## Source material

"""

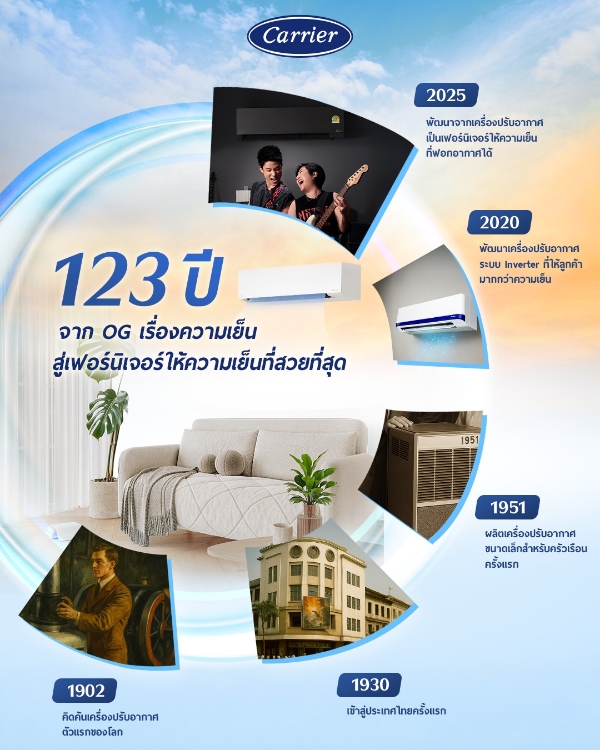 แคเรียร์ ผู้บุกเบิกตลาดเครื่องปรับอากาศระดับโลก เดินหน้าสร้างการรับรู้ใหม่ในตลาดไทย ด้วยแคมเปญ “ใครคิดไม่ถึง แคเรียร์คิดถึง” ยกระดับแอร์จากเครื่องใช้ไฟฟ้าธรรมดา สู่แอร์เฟอร์นิเจอร์ที่เติมเต็มสไตล์การตกแต่งบ้าน ตอกย้ำความเป็นผู้นำนวัตกรรมด้านดีไซน์ที่ตอบโจทย์ไลฟ์สไตล์คนยุคใหม่
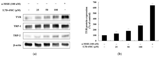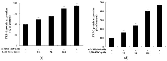 Since 5,7D-4MC treatment increased tyrosinase activity, the protein expression level of tyrosinase in B16F10 cells was evaluated using Western blotting. At 72 h after treatment with 5,7D-4MC, tyrosinase expression was significantly increased in a concentration-dependent manner. Tyrosinase-related proteins TRP-1 and TRP-2 also play important roles in regulating melanin synthesis; therefore, we examined the expression of TRP-1 and TRP-2 using Western blotting. As shown in Figure 5, 5,7D-4MC treatment led to an increase in the expression of both proteins. In particular, after treatment with 100 μM 5,7D-4MC, tyrosinase, TRP-1, and TRP-2 protein expression levels increased by approximately 177.0%, 74.7%, and 299.6%, respectively, compared to the untreated control. Notably, after treatment with 100 μM 5,7D-4MC, the expression levels of TRP-1 and TRP-2 increased to a level nearly comparable to that of the 100 nM control group. Taken together, these results indicate that 5,7D-4MC stimulates melanogenesis by positively regulating the expression of melanogenic proteins.
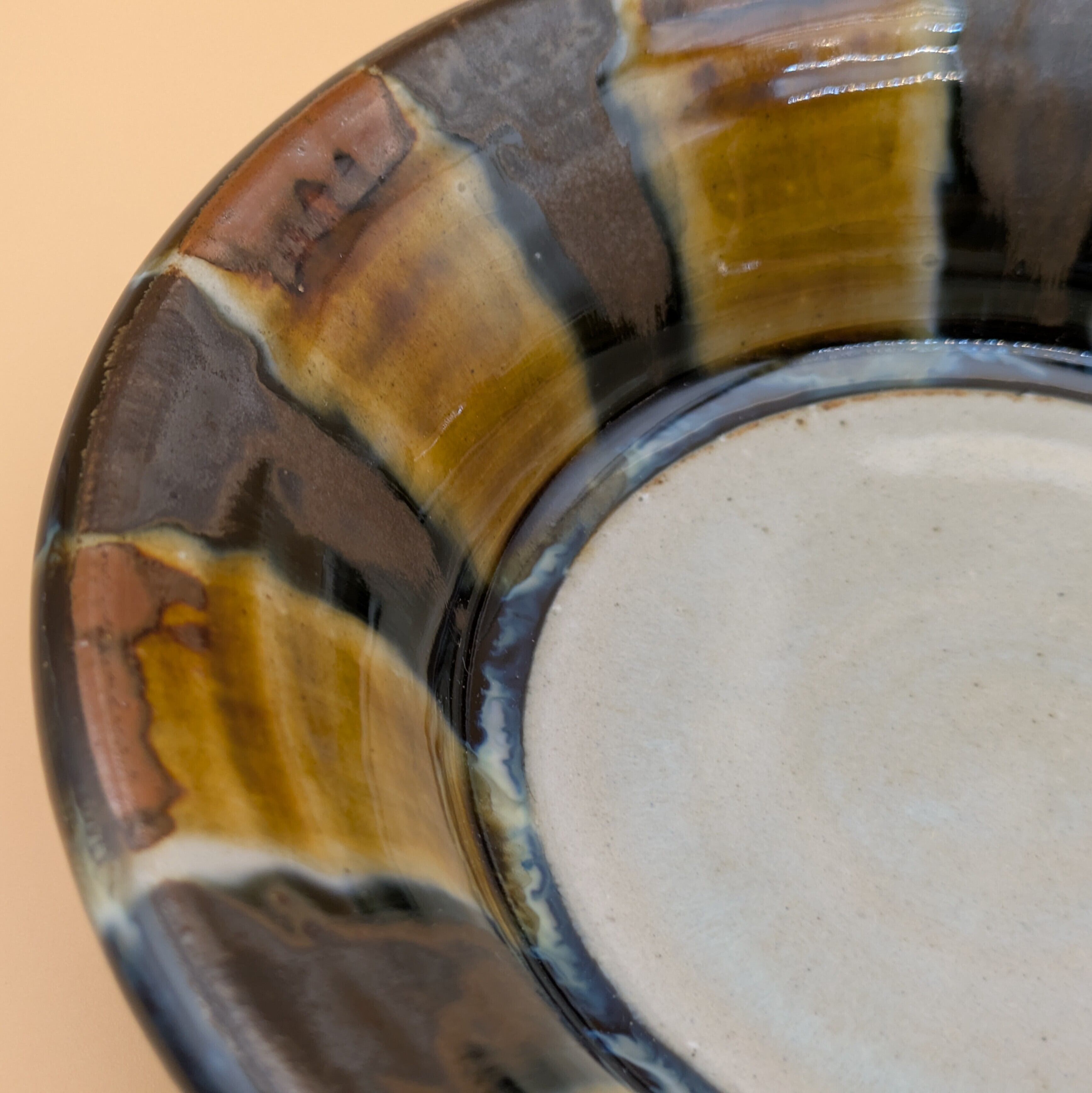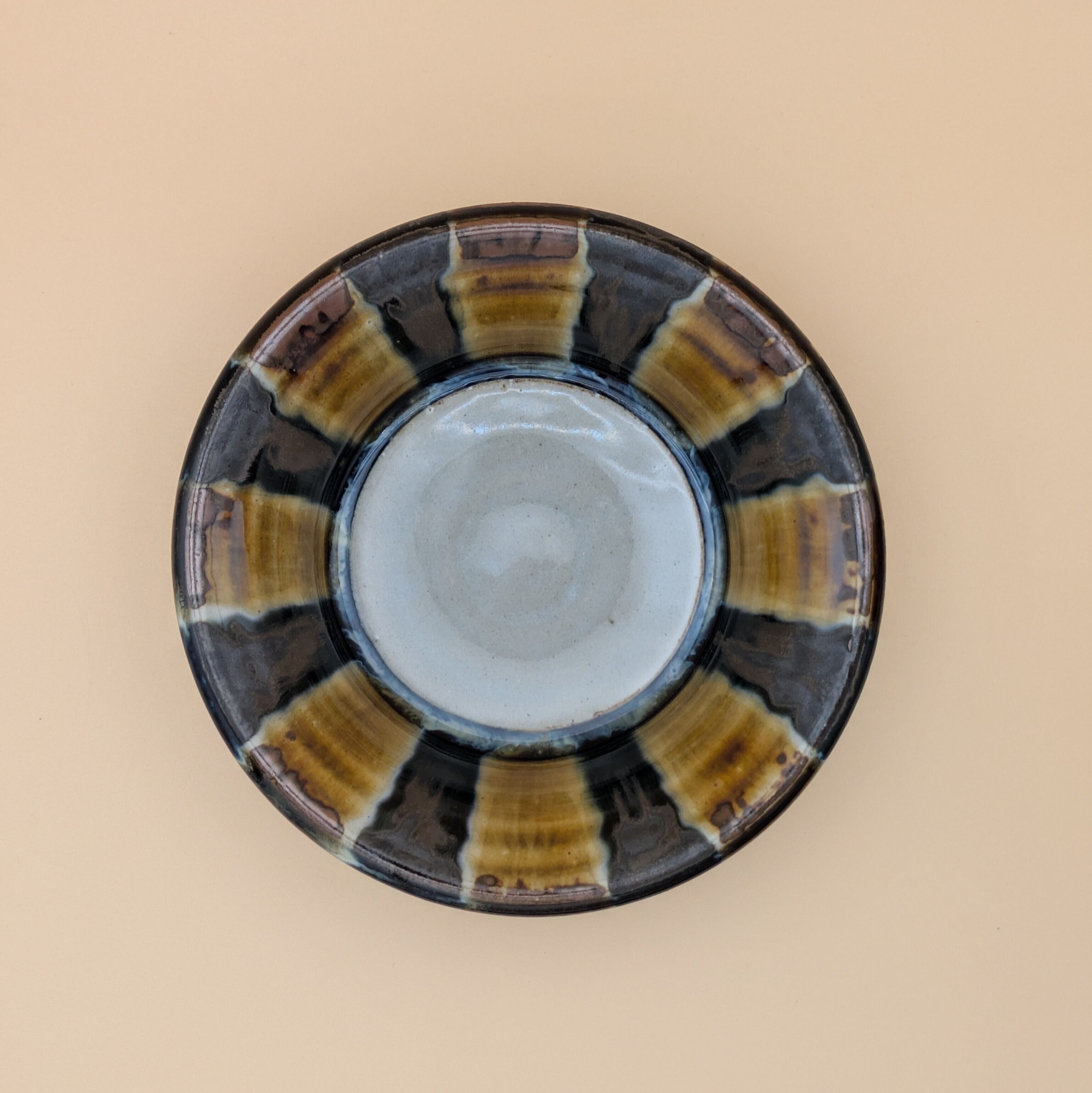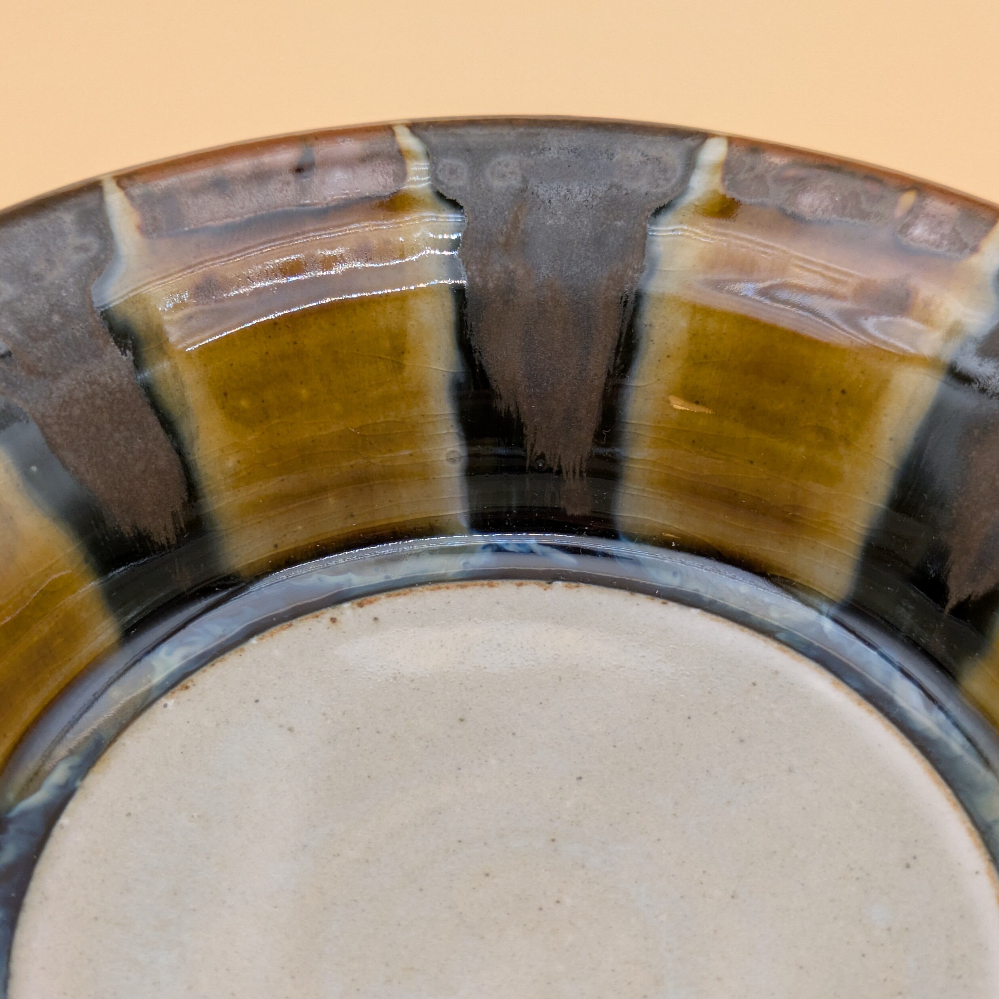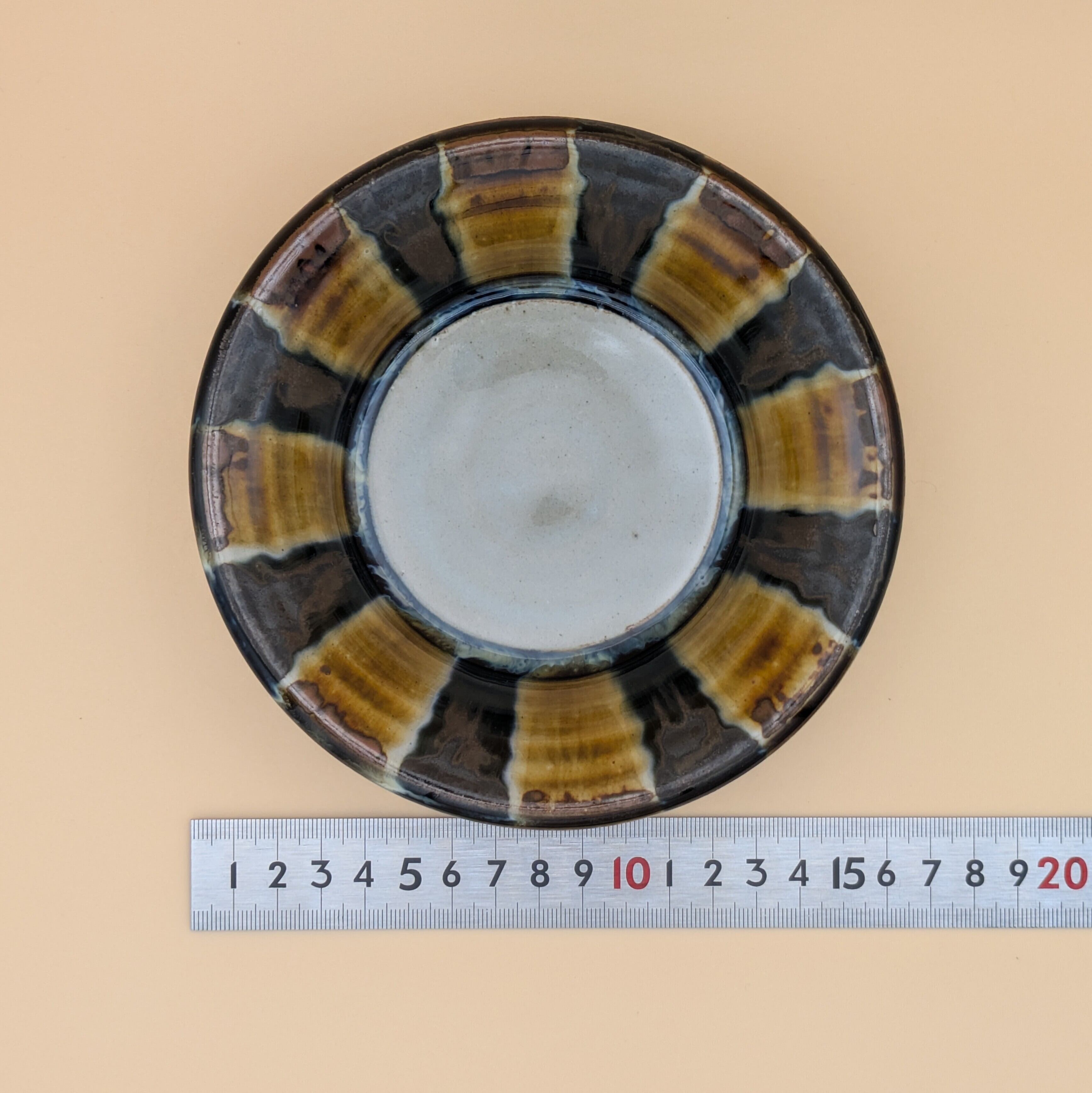 盛皿5寸 袖師窯(紺・黄釉) 直径15.2cm 高さ4.0cm 重量241g

"""

## What to work on
Every line above should be returned exactly; the pictures stay out.

## Your response
 แคเรียร์ ผู้บุกเบิกตลาดเครื่องปรับอากาศระดับโลก เดินหน้าสร้างการรับรู้ใหม่ในตลาดไทย ด้วยแคมเปญ “ใครคิดไม่ถึง แคเรียร์คิดถึง” ยกระดับแอร์จากเครื่องใช้ไฟฟ้าธรรมดา สู่แอร์เฟอร์นิเจอร์ที่เติมเต็มสไตล์การตกแต่งบ้าน ตอกย้ำความเป็นผู้นำนวัตกรรมด้านดีไซน์ที่ตอบโจทย์ไลฟ์สไตล์คนยุคใหม่
 Since 5,7D-4MC treatment increased tyrosinase activity, the protein expression level of tyrosinase in B16F10 cells was evaluated using Western blotting. At 72 h after treatment with 5,7D-4MC, tyrosinase expression was significantly increased in a concentration-dependent manner. Tyrosinase-related proteins TRP-1 and TRP-2 also play important roles in regulating melanin synthesis; therefore, we examined the expression of TRP-1 and TRP-2 using Western blotting. As shown in Figure 5, 5,7D-4MC treatment led to an increase in the expression of both proteins. In particular, after treatment with 100 μM 5,7D-4MC, tyrosinase, TRP-1, and TRP-2 protein expression levels increased by approximately 177.0%, 74.7%, and 299.6%, respectively, compared to the untreated control. Notably, after treatment with 100 μM 5,7D-4MC, the expression levels of TRP-1 and TRP-2 increased to a level nearly comparable to that of the 100 nM control group. Taken together, these results indicate that 5,7D-4MC stimulates melanogenesis by positively regulating the expression of melanogenic proteins.
 盛皿5寸 袖師窯(紺・黄釉) 直径15.2cm 高さ4.0cm 重量241g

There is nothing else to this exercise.